● What you are asked to do
Repeat the data that follows exactly, starting at the line with "Stadtpark auf DVD" and ending at the line with "Przedstawiamy Państwu eksluzywny, srebrny", and leave out every picture.

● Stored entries
########

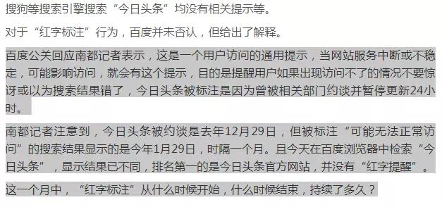 第一点:请百度明确“不稳定”的真正原因,不要前后矛盾。头条认为,百度在回复《南方都市报》记者时,称是因为头条被约谈所以网站变为不稳定,这和这次解释完全不同,请问到底何者为真?此外,记者在采访时,就已经指出这一解释的不靠谱——今日头条是12月29日被约谈,我们发现“被不稳定”,是1月29日。
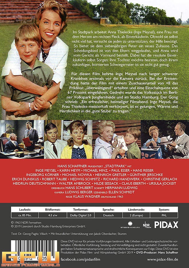Stadtpark auf DVD ist ab 29. November 2019 Mit der Stadtpark - Box bekommen wird den Film von 1963 mit Inge Meysel als Eisverkäuferin Anna Thielecke und Michael Nowka als siebenjährigen Peter Berger jetzt erstmals auf DVD zu sehen. >> Stadtpark (DVD) hier kaufen << Produktinformation:
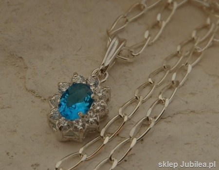 Przedstawiamy Państwu eksluzywny, srebrny wisiorek, bedący nawiązaniem do najświetniejszego okresu w jubilerstwie – art deco. Centralne miejsce zajmuje owalny, naturalny, akwamaryn, wokół którego zakuto dziesięć cyrkoni.
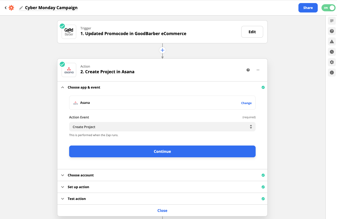 Ze gebruiken Asana voor werkbeheer, en telkens wanneer een promotiecode wordt geüpdatet, maakt de zap een project aan op hun dashboard. In dit project hebben ze precies aangegeven op welke KPI's ze moeten letten en welke acties ze vervolgens moeten ondernemen.
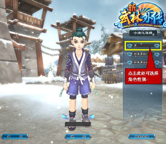 步骤二:下面的界面就是点击“创建人物”按钮后进入的新界面---在这里选择你的人物在游戏中想扮演的性别和装扮。
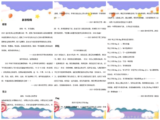 此次“旧年别风采,初春展新意”活动受到了大家热情响应。活动一经发布,同学们便通过QQ空间等形式积极宣传,大家积极参与,将自己辛丑年的目标及独家记忆分享出来,积极交流,感慨自己一年里面的所学、所感、所悟。其中,2021级中药学类五班陶思雨同学书写对自己高考奋斗史的感慨,“仿佛一朵姹紫嫣红的奋斗之花,孕育了三年,只为那一瞬间”,勉励自己在新的一年里踏上新的征程。2020级中药学类本科班孙静怡同学则书写下对自己的期待,“愿卓才华艺相为伍,好运机遇竟追逐”。大家积极将自己的思绪跃然于纸上,字句灼灼递新意,让本次活动收到了许多文笔优美的作品,获得了圆满成功。
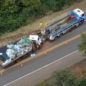 O motorista da carreta tentou desviar, mas colidiu na lateral esquerda do caminhão. O impacto fez a carreta sair da pista e tombar nas margens da rodovia, ficando em meio à vegetação.
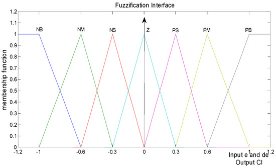 The main functions of PID controllers are improving the dynamic response and reducing or eliminating the steady state errors. The improvement of the fuzzy-PID controller by incorporating a fast learning PID controller gains with fuzzy control parameters, yielding a high-quality solution [15], is chosen in this article. As shown in Figure 2, the tracking error e(t) and the differential tracking error de(t) after modifying the triangle membership function in segments (0, 0.3, 0.6, and 1) are the inputs of the fuzzy inference system. The two inputs e(t) and de(t), and the output CI are formal triangular membership functions.
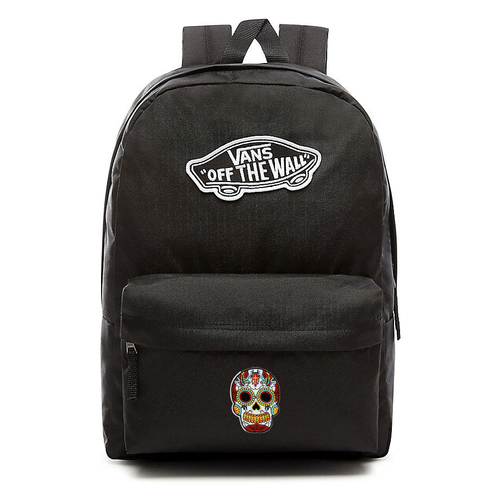VANS Realm Backpack black VN0A3UI6BLK + Custom Mexican Skull White Birds
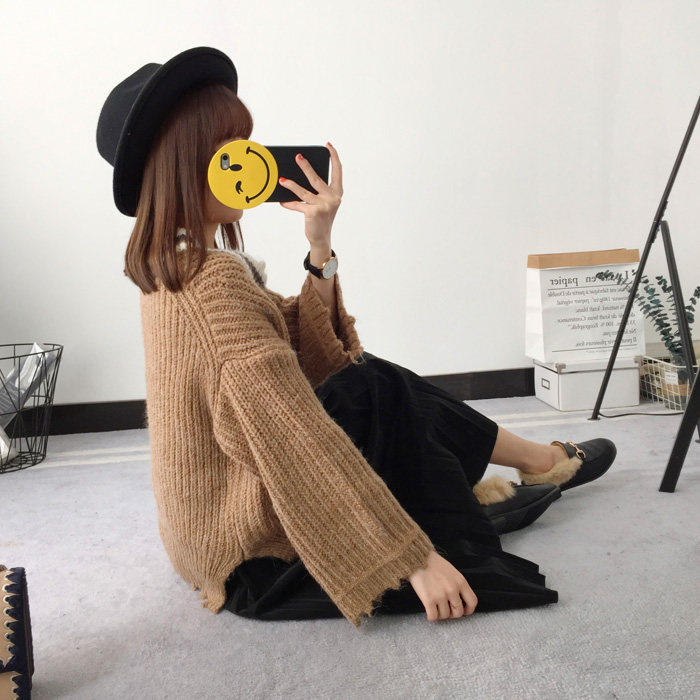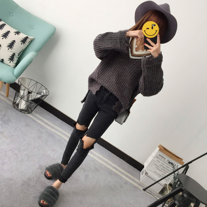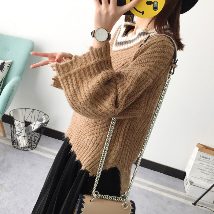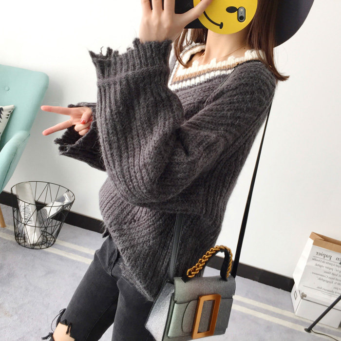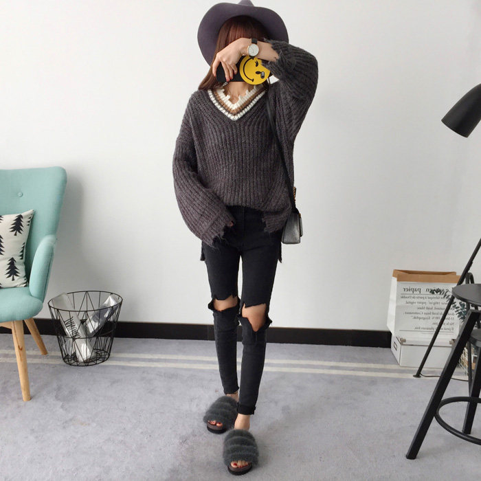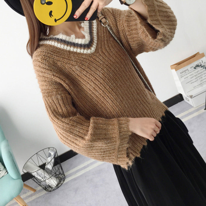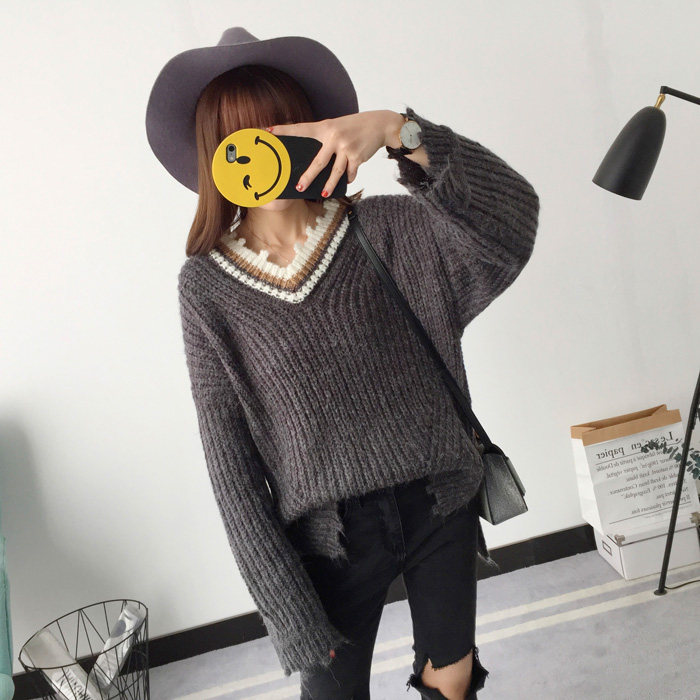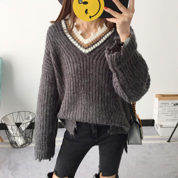 Осенне-зимний Новый стильный свитер с V-образным вырезом Женский однотонный

########

● Exercise output
Stadtpark auf DVD ist ab 29. November 2019 Mit der Stadtpark - Box bekommen wird den Film von 1963 mit Inge Meysel als Eisverkäuferin Anna Thielecke und Michael Nowka als siebenjährigen Peter Berger jetzt erstmals auf DVD zu sehen. >> Stadtpark (DVD) hier kaufen << Produktinformation:
 Przedstawiamy Państwu eksluzywny, srebrny wisiorek, bedący nawiązaniem do najświetniejszego okresu w jubilerstwie – art deco. Centralne miejsce zajmuje owalny, naturalny, akwamaryn, wokół którego zakuto dziesięć cyrkoni.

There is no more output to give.